Трудно точно передать то внутреннее напряжение, которые вызвали эти события внутри унионистской партии. Хотя каждый член каждой партии был сбит со своих политических позиций ураганом мировых событий, хотя история человечества все еще катилась стремительным потоком и люди были поставлены в тупик и до последней степени утомлены всем тем, что совершалось у них на глазах, – тем не менее казалось почти нестерпимым отказаться от убеждений целой жизни, да еще при столь постыдных обстоятельствах. Раздражение было тем сильнее, что люди, переживавшие события всего острее и принадлежавшие к самым стойким элементам нации, сознавали свое бессилие. Ольстер был до чрезвычайности возбужден и не желал сотрудничать с правительством. 300 тыс. лоялистов южной Ирландии, оставшись в совершенно беспомощном состоянии, горько жаловались на свою судьбу.

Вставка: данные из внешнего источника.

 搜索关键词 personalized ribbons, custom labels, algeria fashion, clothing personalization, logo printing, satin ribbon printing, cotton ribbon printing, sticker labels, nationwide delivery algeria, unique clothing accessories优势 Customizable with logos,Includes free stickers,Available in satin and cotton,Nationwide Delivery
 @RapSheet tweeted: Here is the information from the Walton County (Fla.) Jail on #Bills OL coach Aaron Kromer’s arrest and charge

На этой стадии событий очень много зависело от поведения отдельных министров. Либералам и сторонникам гомруля было легко поддерживать предоставление Ирландии самого широкого самоуправления, но людям, вся политическая карьера которых была связана с борьбой против гомруля, приходилось разрешать неприятную и весьма рискованную задачу. Главная ответственность падала на лидера унионистской партии Остина Чемберлен. Он все время действовал в полном единодушии с премьер-министром и был готов сделать из своей позиции все логические выводы, не считаясь с теми последствиями, которые могли бы произойти лично для него.

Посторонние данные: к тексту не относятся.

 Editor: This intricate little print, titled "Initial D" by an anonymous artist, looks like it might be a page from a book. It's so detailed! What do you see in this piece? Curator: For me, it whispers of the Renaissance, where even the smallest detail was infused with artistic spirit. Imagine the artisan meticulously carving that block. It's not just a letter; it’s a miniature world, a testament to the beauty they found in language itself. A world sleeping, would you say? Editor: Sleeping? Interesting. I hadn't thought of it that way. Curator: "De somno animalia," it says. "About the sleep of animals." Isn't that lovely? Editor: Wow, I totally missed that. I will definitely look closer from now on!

Когда тот или другой лидер принимает решение, резко противоположное всем традициям и даже всему характеру его партии, то какой-нибудь другой выдающийся член партии легко может завоевать в ней руководящее политическое влияние. Никто не станет подвергать подозрению его мотивы, ибо ведь он продолжает идти старым путем и ведет себя искренно, просто и последовательно. За таким человеком могут пойти многие люди, отличающиеся безусловной искренностью. Его поведение, хотя бы оно благоприятствовало осуществлению его собственных честолюбивых целей, всегда будет казаться вполне гармонирующим с его долгом и убеждениями. Поэтому в этот критический момент позиция лорда Биркенхеда, занимавшего тогда пост канцлера казначейства, была чрезвычайно важна. За все время своей деятельности он энергично и последовательно противился введению гомруля. Он был тесно связан с сэром Эдуардом Карсоном и не отступил перед угрозой гражданской войны, которая сыграла свою роль в событиях, разыгравшихся в Ирландии в 1914 г. Сопротивление намеченному проекту разрешения ирландского вопроса ни для кого другого не принесло бы столь больших личных выгод, как для лорда Биркенхеда, а поддержка этого шага ни на ком другом не отразилась бы так тяжело, как на нем. Тем не менее, вопреки своим прошлым традициям и интересам своей будущей карьеры, он оказался самым решительным сторонником гомруля, – наиболее решительным из всех консерваторов. Борцы за ирландское свободное государство понимали, что они обязаны ему благодарностью, – и в этом отношении были совершенно правы. В этот критический момент независимость и бесстрашие лидера унионистской партии и его самого влиятельного сотрудника сыграла немалую историческую роль. Ценность политических систем до известной [c.203] степени определяется тем, способны ли или неспособны их руководящие представители принимать важные решения беспристрастно, вопреки своим собственным интересам, а часто и интересам своих лучших друзей.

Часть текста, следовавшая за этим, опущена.